Только никакого обсуждения на собрании не вышло. Изложив собравшимся «историю вопроса», Екатерина милостиво пожелала выслушать первым мое мнение. Ну, я и высказал все, что думаю по этому поводу!

Я сказал, что не знаю, вложил ли Вольтер в слова Меропы свое личное мнение или нет, но во всяком случае такой взгляд приличествует лишь язычнице Меропе, а не христианину, который в вопросах морали должен руководствоваться правилами своей религии. А христианская религия бесповоротно осуждает самоубийство как смертный грех. И, по-моему, самоубийство доказывает отсутствие не храбрости или трусости, а веры. Человек, искренне верящий в Бога, не потеряет надежды на Его милосердие, которое может проявиться даже тогда, когда кажется, что спасения быть не может. Пример этому мы видим хотя бы в той же самой трагедии «Меропа»: во втором акте королева предается отчаянию и не видит иного выхода, кроме самоубийства, а последний акт кончается ее полным торжеством!

– Таким образом, – закончил я, – для меня вопрос о самоубийстве представляется не в виде акта храбрости или малодушия, а просто следствием определенного мировоззрения. Языческое мировоззрение оправдывает самоубийство, христианство бесповоротно осуждает его. А ведь часто бывает, что человек является по внутреннему складу и убеждениям чистейшим язычником, хотя он и значится христианином.

– Но позвольте, уважаемый месье де Бьевр, – сказал тут с обычными обезьяньими ужимками Одар. – Значит, по-вашему, покончить с собой может лишь неверующий человек? Однако покойный де Керси был набожен до смешного! Я сказал бы: набожен, как истинный трус! Ну, как вы примирите это со своей теорией?

– Мы не знаем, был ли де Керси в здравом уме, когда решился на это страшное дело, – ответил я. – Ведь известны случаи, когда люди от страха сходили с ума, а вы же сами говорите, что он был страшным трусом. Я еще раз повторяю, что человек, совершающий или оправдывающий самоубийство, должен быть или неверующим, или сумасшедшим!

Ввиду того, что я сослался в доказательство своего воззрения на творения святых отцов, оспаривать мой взгляд было не очень-то удобно: это значило бы открыто признаваться в неверии. Таким образом, к моему величайшему удовольствию, это нелепое обсуждение на том и закончилось.

Как только гости разошлись группами и парочками, ко мне подошла Катя Королева.

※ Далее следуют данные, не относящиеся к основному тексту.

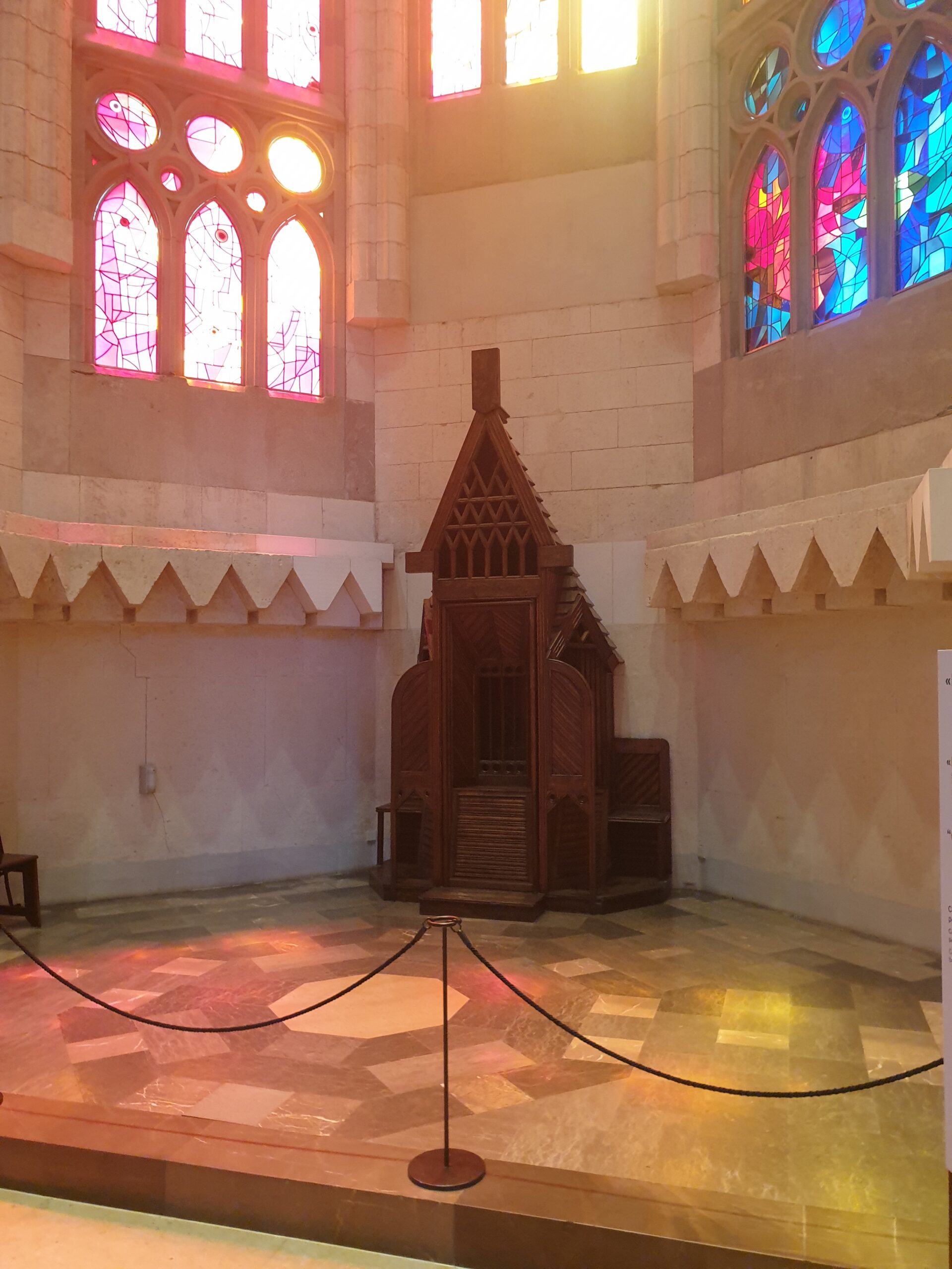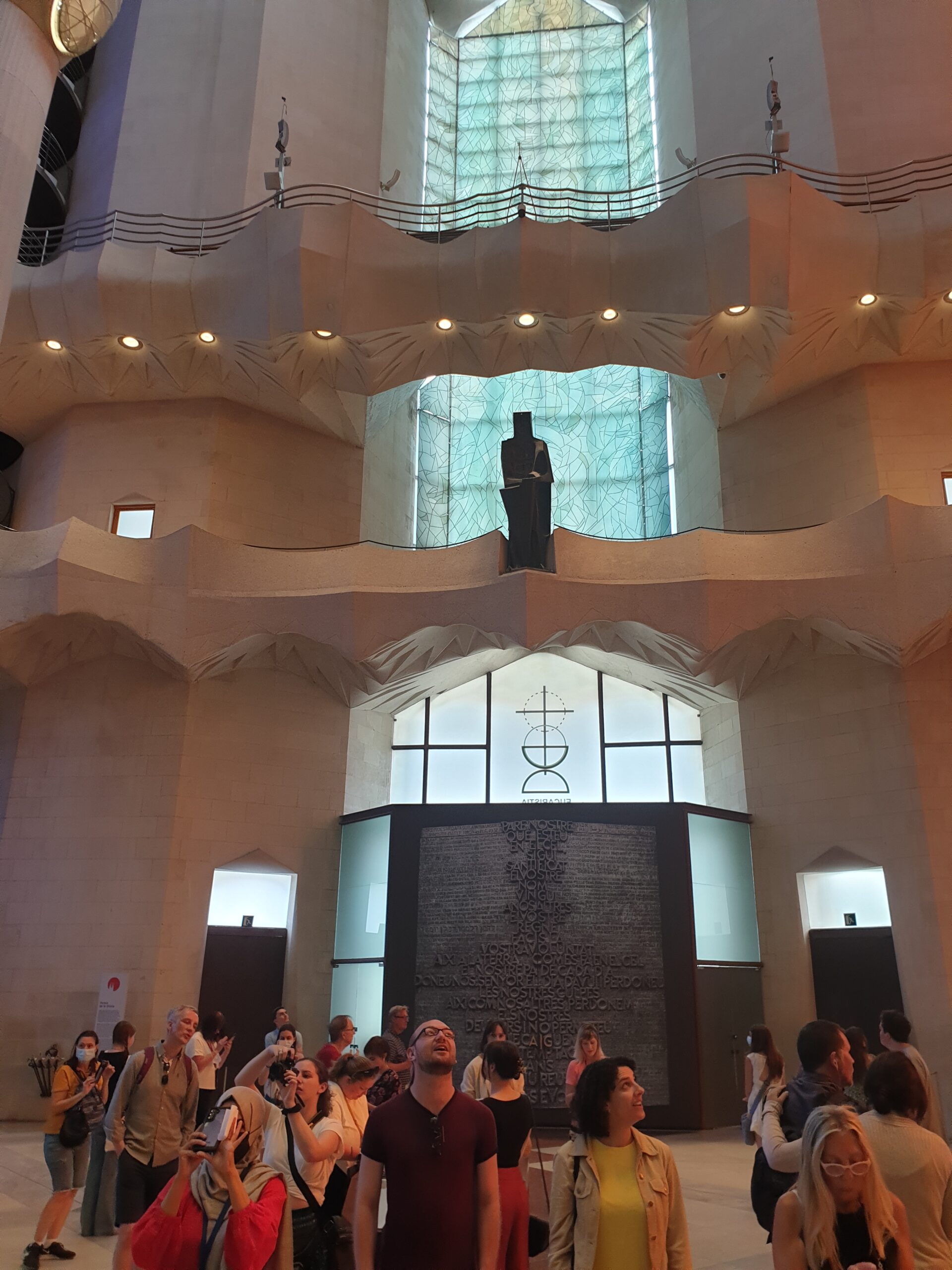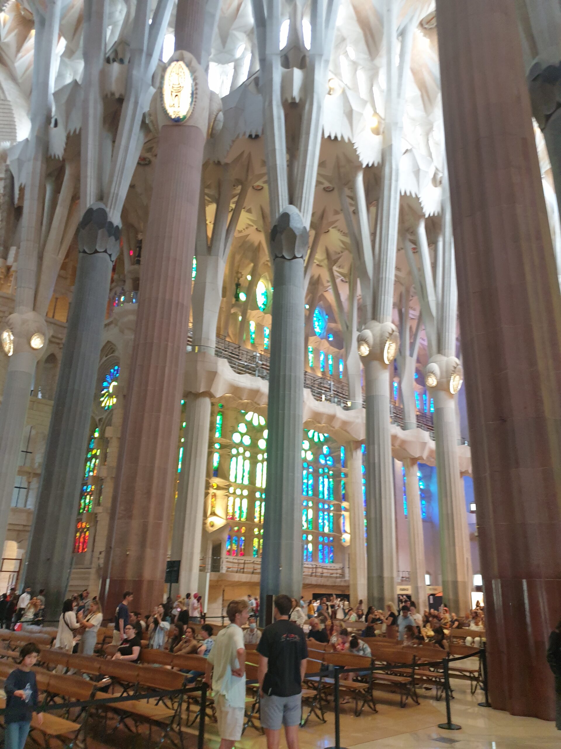 Cum nu avem prea mult timp la dispozitie alegem doar intrarea in catedrala, fara urcat in turn. Trecem printr-un sistem de securitate ca la aeroport. Patrundem in sfarsit in curtea catedralei. Admiram turnurile maiestuoase, inalte de 170 metri. Intelegem si de ce constructia a ramas neterminata. Pe fatada si pe turnuri sunt milioane de decoratii. Care par jocul unui copil ce construieste un castel de nisip. Interiorul contrasteaza insa puternic. Pare extrem de simplu, cu exceptia poate a scarilor. Care serpuiesc incredibil spre cer… Dar are o luminozitate aparte, care contrasteaza cu intunecoasele catedrale gotice medievale. Luminozitate asigurata de vitraliile superbe. Statuile sfintilor apostoli si evanghelisti par foarte moderniste. Parca ar fi opera unui alt fiu genial al Barcelonei. Adica Picasso! Catedrala are si o cripta, cam in genul Sfantului Petru de la Roma. Dar si un muzeu la subsol. Cu amanunte despre viata si opera lui Gaudi.

– Господи, как давно я не видела вас, милый месье де Бьевр! – сказала она мне. – А мне вас так не хватало!

– Ого! – смеясь ответил я, усаживаясь с девушкой в одном из уютных уголков зала. – А что сказал бы наш общий друг, маркиз де Суврэ, если бы услыхал подобное признание? Жестокая! Вы хотите моей смерти! Ведь Суврэ немедленно вызовет меня на дуэль!

– Нет, – просто ответила девушка, – он этого не сделает. Суврэ знает, что я его так люблю, так люблю… Ах, что я только говорю! – перебила она сама себя, заалев и закрывая лицо руками.

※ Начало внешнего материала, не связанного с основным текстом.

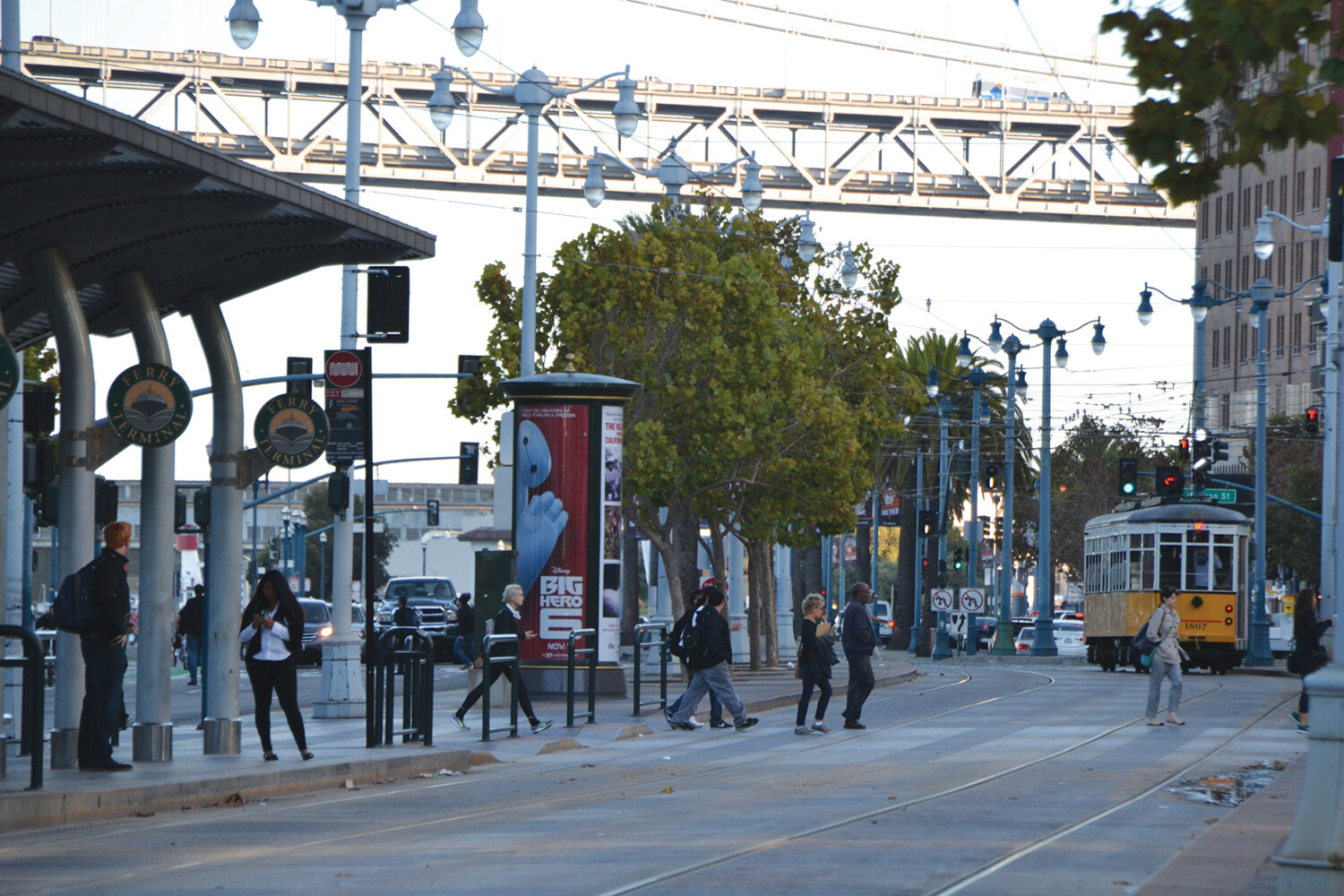 The elevated structure is removed to create an equitable street for multiple users. Accommodating transit lanes increases the street’s capacity. Cycle facilities and an improved pedestrian realm result in safer and more-comfortable experiences for walking and cycling.

– Полно вам стыдиться своего молодого счастья, дорогая моя! – ласково сказал я девушке. – Вы вот что мне скажите: поведали ли вы государыне тайну своего сердечка или все еще не решились?

– Нет, я еще ничего не говорила ей, но мне кажется, что она знает и относится благосклонно к нашей любви, – ответила Катя.

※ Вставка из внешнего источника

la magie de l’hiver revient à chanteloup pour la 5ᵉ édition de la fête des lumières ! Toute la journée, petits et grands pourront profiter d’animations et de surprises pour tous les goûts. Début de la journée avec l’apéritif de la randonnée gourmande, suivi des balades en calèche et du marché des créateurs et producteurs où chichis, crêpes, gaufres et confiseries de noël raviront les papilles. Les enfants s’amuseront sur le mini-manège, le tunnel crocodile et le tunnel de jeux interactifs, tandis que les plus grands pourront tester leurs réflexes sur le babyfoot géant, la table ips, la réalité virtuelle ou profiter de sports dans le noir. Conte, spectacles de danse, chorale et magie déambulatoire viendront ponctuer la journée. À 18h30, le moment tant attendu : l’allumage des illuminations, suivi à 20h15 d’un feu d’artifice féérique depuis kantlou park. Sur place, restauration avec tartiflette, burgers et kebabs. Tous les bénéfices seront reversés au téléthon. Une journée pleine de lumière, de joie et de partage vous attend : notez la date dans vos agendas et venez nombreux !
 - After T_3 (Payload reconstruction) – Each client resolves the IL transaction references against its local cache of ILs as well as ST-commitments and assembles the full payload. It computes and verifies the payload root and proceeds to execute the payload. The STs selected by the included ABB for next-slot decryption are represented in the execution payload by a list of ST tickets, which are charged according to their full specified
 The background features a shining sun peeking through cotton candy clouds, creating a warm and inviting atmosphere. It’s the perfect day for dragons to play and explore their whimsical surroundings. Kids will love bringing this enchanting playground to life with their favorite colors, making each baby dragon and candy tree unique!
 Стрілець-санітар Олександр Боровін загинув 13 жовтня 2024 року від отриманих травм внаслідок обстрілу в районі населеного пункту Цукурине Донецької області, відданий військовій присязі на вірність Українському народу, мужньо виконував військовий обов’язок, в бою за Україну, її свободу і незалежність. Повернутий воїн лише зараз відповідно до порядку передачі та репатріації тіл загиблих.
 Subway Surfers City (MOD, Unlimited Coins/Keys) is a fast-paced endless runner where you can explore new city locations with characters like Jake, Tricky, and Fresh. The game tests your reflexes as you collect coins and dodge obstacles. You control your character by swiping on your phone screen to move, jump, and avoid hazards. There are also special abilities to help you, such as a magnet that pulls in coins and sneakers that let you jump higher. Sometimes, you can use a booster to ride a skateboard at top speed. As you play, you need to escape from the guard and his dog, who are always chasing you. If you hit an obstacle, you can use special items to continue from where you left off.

– О, так, значит, вас можно поздравить? Значит, ваше счастье не за горами? – весело спросил я.

– Оно дальше, чем было, – сказала девушка, с трудом подавляя слезы. – Ах, я так несчастна, так несчастна! Если бы я могла хоть с кем-нибудь поделиться своим горем.

– Как «хоть с кем-нибудь»? – удивленно воскликнул я. – А я? Разве…

– Осторожнее! – шепнула мне Катя. – Сюда идет Орлов! Говорите о чем-нибудь другом! Да скорее… Бога ради!

Я заговорил о театре, о произведениях Вольтера, о нравственных принципах, проводимых великим писателем со сцены. Подошел Орлов, с хмурой усмешечкой прислушался к моим разглагольствованиям, посмотрел на Катю долгим, тяжелым взглядом, заставившим ее побледнеть, и медленно прошел дальше.

– Ну-с, – сказал я, – чудище проползло мимо! Теперь мы можем прекратить разговор о Вольтере, который вас ничуть не интересует. Лучше расскажите мне, дорогая, что тревожит вас?